Tüm dosya içeriğine göre 2002 yılında yapılıp aynı yıl kesinleşen kadastro çalışmalarında belgesizden dava dışı Mustafa Kalay adına tespiti yapılıp tapuya tescil edilen ve 26.03.2007 tarihli satışla da davalı ...’e devredilen dava konusu 150 ada 5 parsel sayılı taşınmazın öncesinde davacının miras bırakanı olan İsmail Hakkı Kalay’dan kaldığı hususunda herhangi bir uyuşmazlık bulunmamaktadır. Taşınmaz başında 06.03.2009 tarihinde yapılan keşifte dinlenen davacı tanıklarından olan kardeşi ...’de davacının iddiasını doğrulayarak babasından kalan tüm taşınmazlar gibi dava konusu taşınmazı da paylaşmadıklarını bildirmiş; diğer davacı tanıkları da taksim hususunda bilgilerinin olmadığını söylemişlerdir.

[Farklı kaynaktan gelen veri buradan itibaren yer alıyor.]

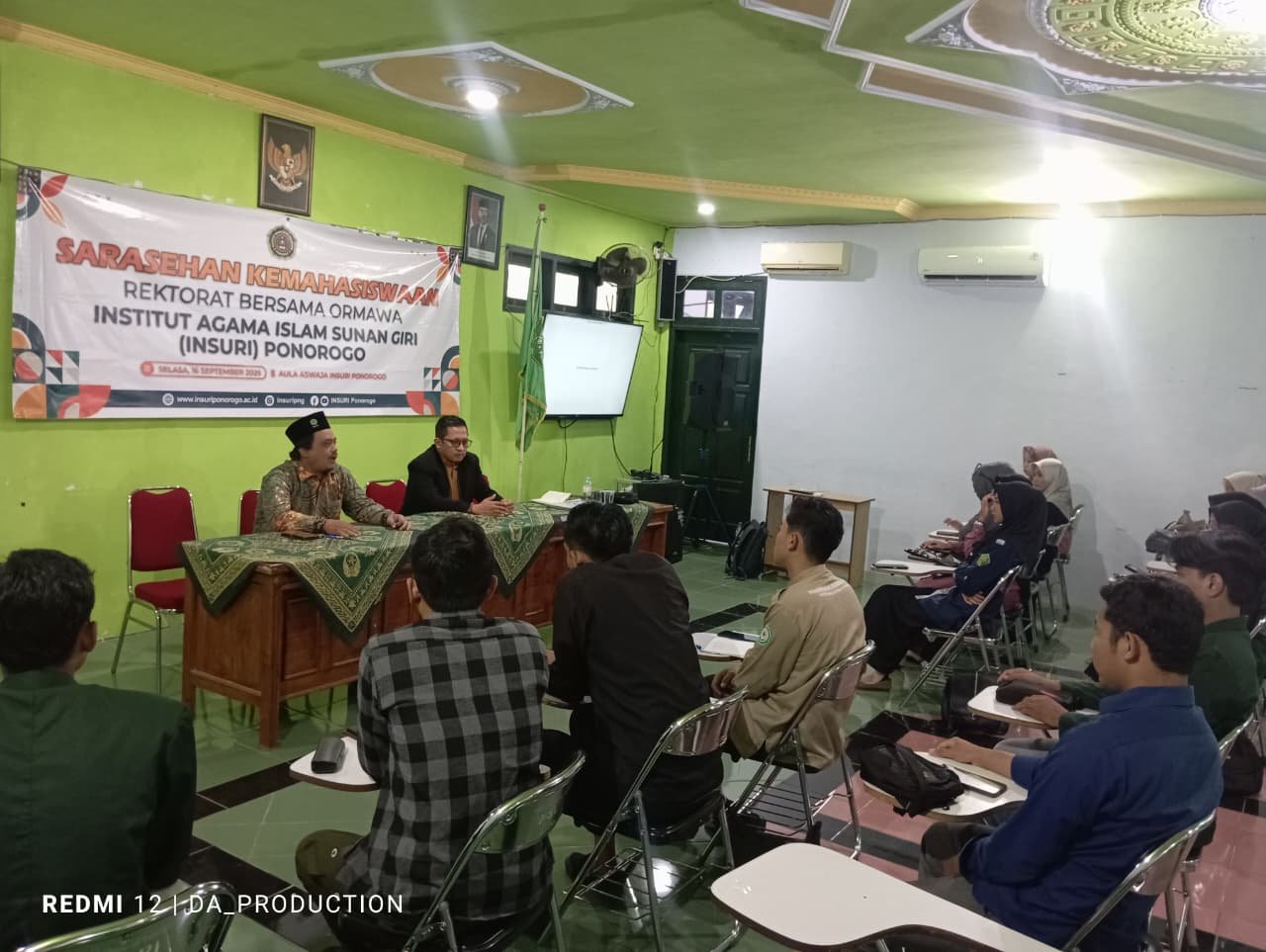 AswajaNews – Institut Agama Islam Sunan Giri (INSURI) Ponorogo menggelar Sarasehan Kemahasiswaan bersama jajaran pengurus organisasi mahasiswa (Ormawa) di Aula Aswaja, Senin (16/9/2025). Kegiatan ini dihadiri oleh Rektor INSURI Ponorogo, Wakil Rektor III Bidang Kemahasiswaan Dr. Arik Dwijayanto, M.A., Wakil Rektor II Bidang Keuangan Dr. Samsudin, M.Pd., serta perwakilan pengurus Dema/Sema Institut, Dema Fakultas, HMPS, dan UKM.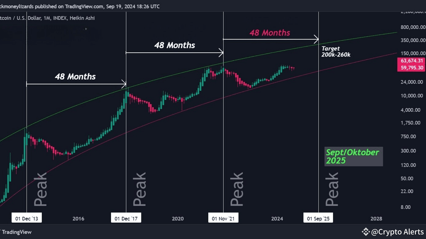 Diesem Muster folgend könnte Bitcoin seinen nächsten großen Höchststand in diesem Bereich erreichen. 📉📈

Dosya içerisinde mevcut ... Sulh Hukuk Mahkemesinden alınan 07.05.2007 tarih, 2007/143 E- 2007/143 K. sayılı mirasçılık belgesine göre; 22.02.1986 tarihinde vefat eden miras bırakan İsmail Hakkı Kalay’ın davacı ... dışında başka mirasçıları da bulunmaktadır. Miras bırakanın ölüm tarihine göre terekesi elbirliği mülkiyeti hükümlerine tabi olup, taksimin yapıldığı kanıtlanmamıştır. TMK.nun 701. maddesindeki tanımlamaya göre; “Kanun veya kanunda öngörülen sözleşmeler uyarınca oluşan topluluk dolayısıyla mallara birlikte malik olanların mülkiyeti elbirliği mülkiyetidir". Elbirliği mülkiyetinde mirasçıların tereke malları üzerinde belli pay ve payları olmayıp, hakları taşınmazın tamamı üzerine yayılmış olarak terekenin tümünü kapsar. Aynı Kanunun 702. maddesinde topluluk devam ettiği sürece tasarrufî işlemlerde tüm ortakların oy birliğiyle karar vermeleri gerektiği belirtilmiştir. Davalı ... terekeye göre 3. kişi durumunda olup, davacının 3. kişilere karşı tek başına dava açma sıfatı ve yetkisi bulunmamaktadır. Bu mülkiyet türünde mirasçıların belli pay ve payları olmadığı için mirasçılardan biri kendi payı için iptal ve tescil isteyemez. Mirasçılardan birisinin kendi payı hakkında açtığı dava diğer mirasçıların paylarını kapsamadığından ve aynı zamanda onlar adına da dava açılmadığından, diğer mirasçıların katılması (olurlarının alınması ) veya TMK.nun 640. maddesi uyarınca miras ortaklığına temsilci tayin edilmek suretiyle davaya devam edilmesi mümkün değildir. Davacının böyle bir dava açma yetkisi bulunmadığından davanın bu nedenle reddine karar verilmesi gerekirken işin esasına girilerek değişik gerekçe ile red kararı verilmesi doğru değil ise de, redde ilişkin hüküm sonucu itibarı ile doğru bulunmaktadır.
Davacının temyiz itirazlarının reddi ile yukarıda açıklandığı üzere sonucu itibariyle doğru olan hükmün ONANMASINA ve aşağıda dökümü yazılı 15,60 TL peşin harcın onama harcına mahsubu ile kalan 1,55 TL"nin temyiz eden davacıdan alınmasına 13.05.2010 tarihinde oybirliğiyle karar verildi.